Instructions for the task
Without pictures, return the lines from the one containing "This rosary is" through the last line of the data below, exactly.

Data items
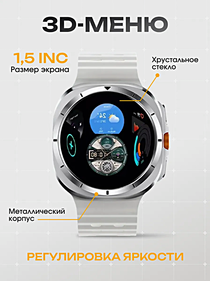 Смарт часы G15 PRO Умные часы PREMIUM Smart Watch AMOLED 4G/5G, Wi-Fi, iOS, Android, Галерея, Браузер, Камера, Звонки, Cеребристый
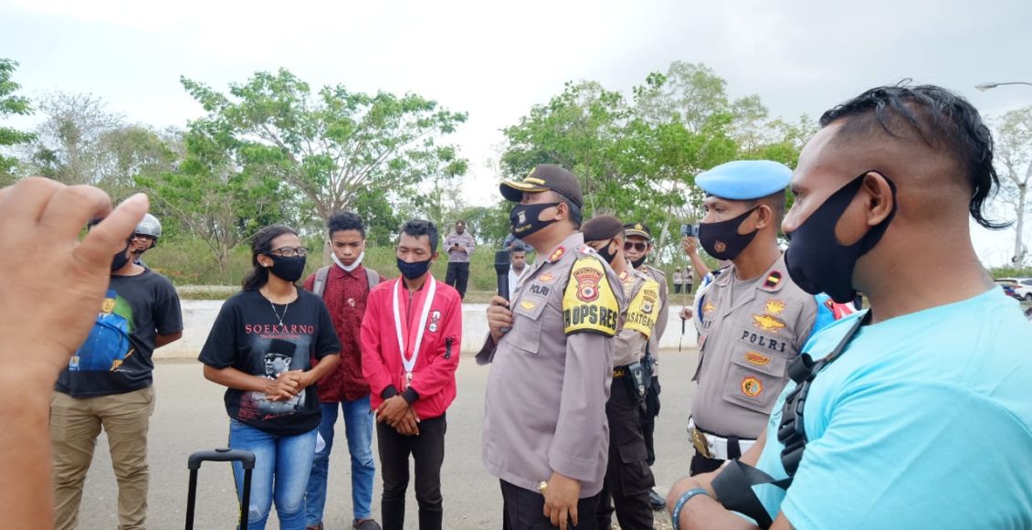 (3). sekitar pukul 10.03 Wit, peserta aksi unjuk rasa damai tiba di Polres Maluku Barat dan diterima langsung oleh Kapolres Maluku Barat Daya AKBP. Budi Adhy Buono, S.H., S.I.K., M.H.
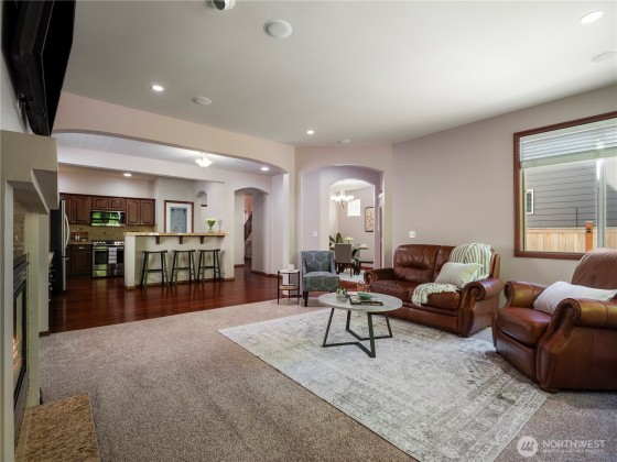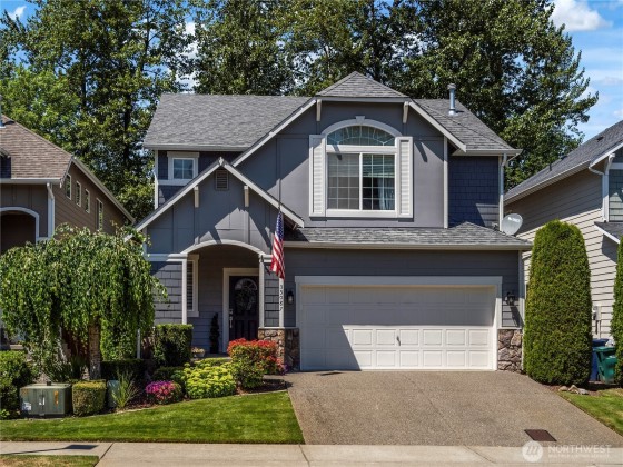 Nestled near scenic Lake Geneva and just steps from a community park & playground, this 4-bedroom, 2.5-bath home offers 2,308 sq ft of thoughtfully designed living space, featuring an open and spacious main floor w/hardwood flooring, a great room with cozy gas fireplace, custom-built bookshelves, and kitchen w/eating nook, breakfast bar & pantry. The dining room is a nice flexible space that could be your new office or music room. The primary suite is a true retreat with vaulted ceilings, 5-piece spa-like bath, & walk-in closet. Create your happy space in the private backyard, showcasing peaceful territorial views. Additional highlights include upper-level laundry, new furnace & AC, sprinklers front & back, and easy access to I-5 & HWY 167.
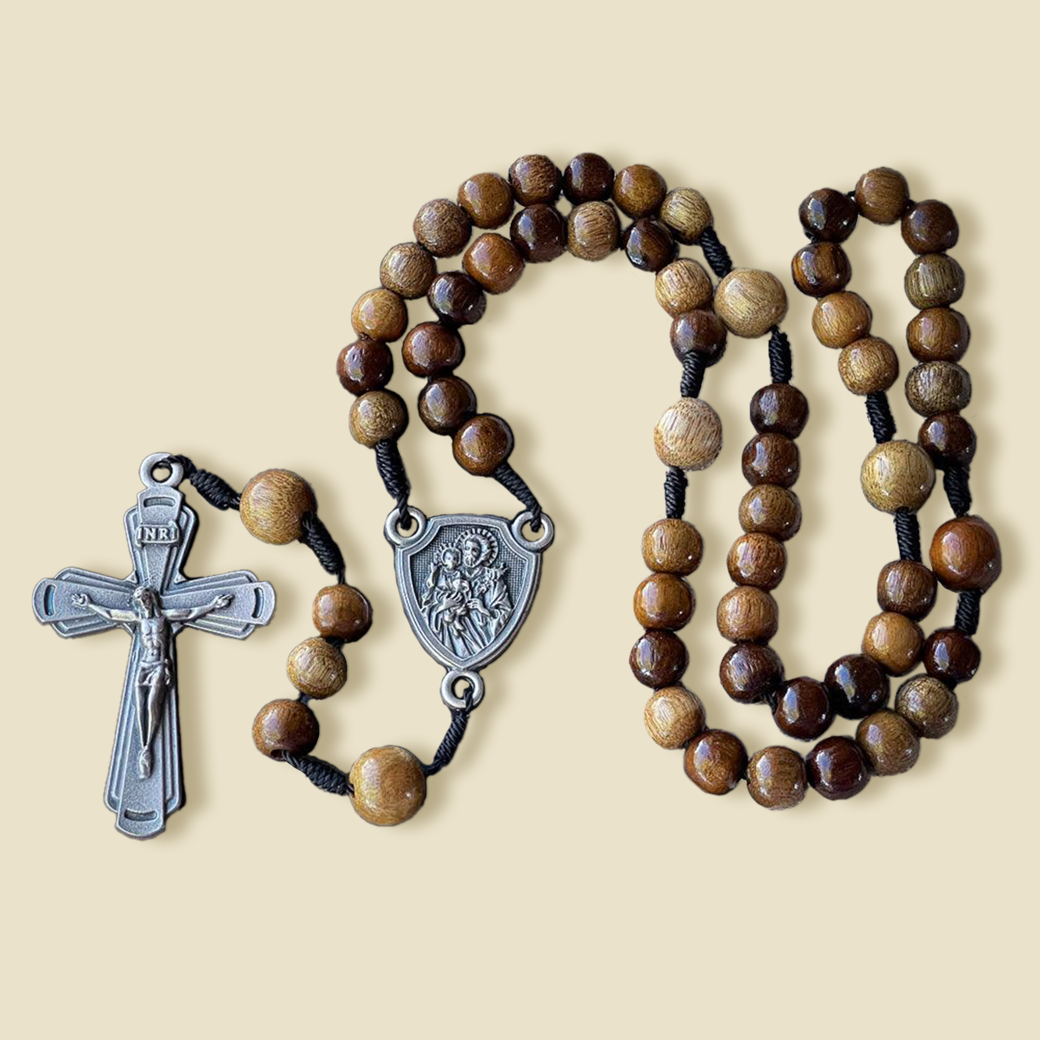 This rosary is made with heart from an ethical catholic company in Brazil that casts and manufactures several of our parts including our custom St. Joseph the Guardian, Portuguese Miraculous Medal, and Benedict Medal centerpieces, our custom Full Armor crucifix, as well as our Imbuia beads.
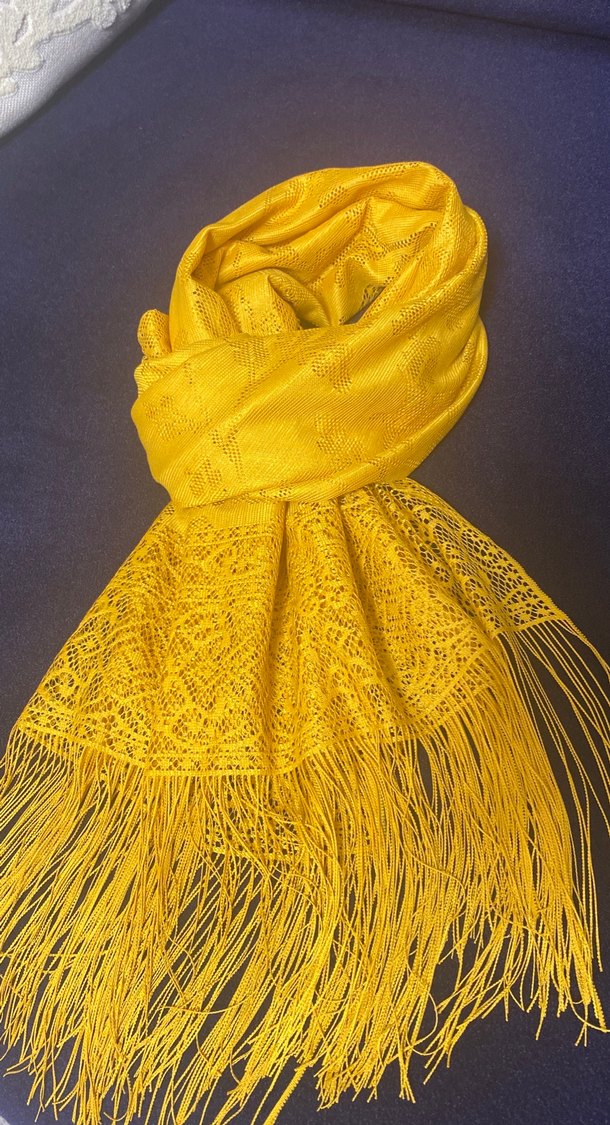 Kadınlar için ipeksi dokulu, canlı sarı renkte, dantel detaylı ve uzun püsküllü bohem tarzı şal.

Output
 This rosary is made with heart from an ethical catholic company in Brazil that casts and manufactures several of our parts including our custom St. Joseph the Guardian, Portuguese Miraculous Medal, and Benedict Medal centerpieces, our custom Full Armor crucifix, as well as our Imbuia beads.
 Kadınlar için ipeksi dokulu, canlı sarı renkte, dantel detaylı ve uzun püsküllü bohem tarzı şal.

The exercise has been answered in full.